Sağlıklı bir insanın hücrelerinde toplamda 46 olmak üzere 23 çift kromozom bulunur. Fakat DS’li kişilerin toplam kromozom sayısı ise 47’dir.  Bizlerin bütün kromozomları çifter çifter gelirken, DS’lilerin %95’inde 21. kromozomdan tam 3 tane vardır; hani demiştim ya bizden eksikleri yok diye, iste bu fazlalık DS’lilerde yapısal ve fonksiyonel farklılıklara neden oluyor.

 

Peki bu fazlalığın sebebi nedir?

 

Vücudumuzdaki bütün hücrelerden farklı olarak üreme hücrelerimizde sadece 23 kromozom bulunuyor. Üreme hücrelerimizin haricindeki diğer bütün hücrelerimizde bulunan 46 kromozomun yirmi üçünü annemizden, yirmi üçünü de babamızdan alıyoruz. Nadiren üreme hücrelerinin çoğalması sırasında bir hata oluşuyor ve fazladan bir 21. kromozom meydana geliyor. Bu fazla kromozomlu hücreyi annesinden veya babasından alan bir bebek ise dünyaya DS’li olarak geliyor.

 

Üreme hücrelerinde oluşan bu hatanın sebebi maalesef hala bilinmiyor. Bununla beraber anne yaşı ile doğrudan bir bağlantısı olduğu düşünülüyor. Zira 25 yaşındaki bir anne adayının DS’li bir bebek dünyaya getirmesi her 1250 doğumdan birinde görülerken, 45 yaşındaki bir anne adayı için bu rakam her 30 doğumdan birine düşüyor.

 

Anne yaşı ve DS arasındaki bu bağlantının sebebi ise çevresel etkilerin olduğu düşünülüyor. Örneğin; yediğimiz yemekler ve içtiğimiz sularda doğal radyasyon bulunuyor. Yasımız ilerledikçe radyasyon gibi çevresel etkilere de doğal olarak daha çok maruz kalıyoruz.
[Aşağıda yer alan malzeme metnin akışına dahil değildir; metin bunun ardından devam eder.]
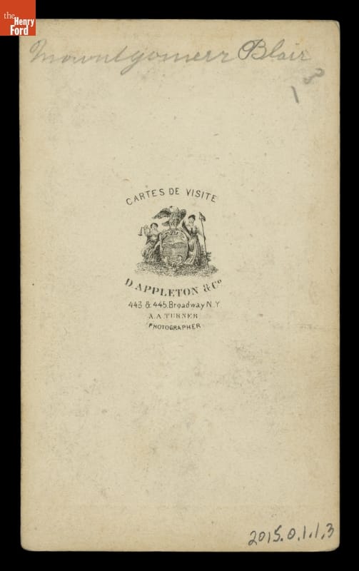 Cartes-de-visite, small, professionally made photographs on cardboard stock, remained popular in the United States from the Civil War in the 1860s through the 1880s. Many were given to friends and loved ones, but enterprising photographers also produced images of famous individuals to sell to the collecting-crazed public. Celebrities, military officers and politicians, such as Montgomery Blair, Abraham Lincoln's first postmaster general, were popular subjects.

Vücudumuzdaki bu tür etkilerin birikimi ise hücre ve DNA yapımıza zarar verebiliyor. Bu nedenle yaşı ilerleyen bir anne adayının DS’li çocuk sahibi olma oranın daha yüksek olduğu düşünülüyor.

 

 

Son olarak...

 

Yazımı tamamlamadan önce şu hikayeyi sizlerle paylaşmak istiyorum:

 

Sene 1957...

Londra’nın Güneyindeki orta gelirli bir ailenin bir kız çocuğu dünyaya gelir.

Fakat bu çocuk Down sendromludur.

O dönemde insanlar böyle bir çocuk dünyaya getirdikleri için utanç duyuyorlar, çocuklarını herkesten gizliyor ve bakim evlerine gönderiyorlardı.

Fakat hikayemizdeki anne o minicik yavrusuna kıyamıyor, kızını aileden, sevgiden ve şefkatten mahrum bırakacak o bakim evine göndermeye el vermiyordu gönlü.

Nitekim gözünü kararttı ve tüm baskılara rağmen yavrusunu göndermedi, kucakladı, sevgisi ile büyüttü.

Zoru başaran bu anne belki de bir ilki gerçekleştirmişti aslında.

Çünkü bakim evlerinde terkedilen diğer DS’li çocuklar en fazla 18-20’li yaşlara kadar yasarken, bu minicik kız çocuğu 40 yaşına gelmişti bile.

 

Nasıl ki toprağı değişmeyen, vaktinde sulanmayan bir çiçek solmaya, bakımsız bir ev harabe olmaya mahkumsa, insanoğlu da sevgiden, şefkatten ve ilgiden

mahrum yaşayamıyormuş işte.

 

Sevgiyle kalın efendim...

 

Not: Bu hikaye bana ilkokul 6. sınıfımdaki öğretmenim tarafından anlatılmıştı.  Hikayedeki kız çocuğu onun öz kardeşidir.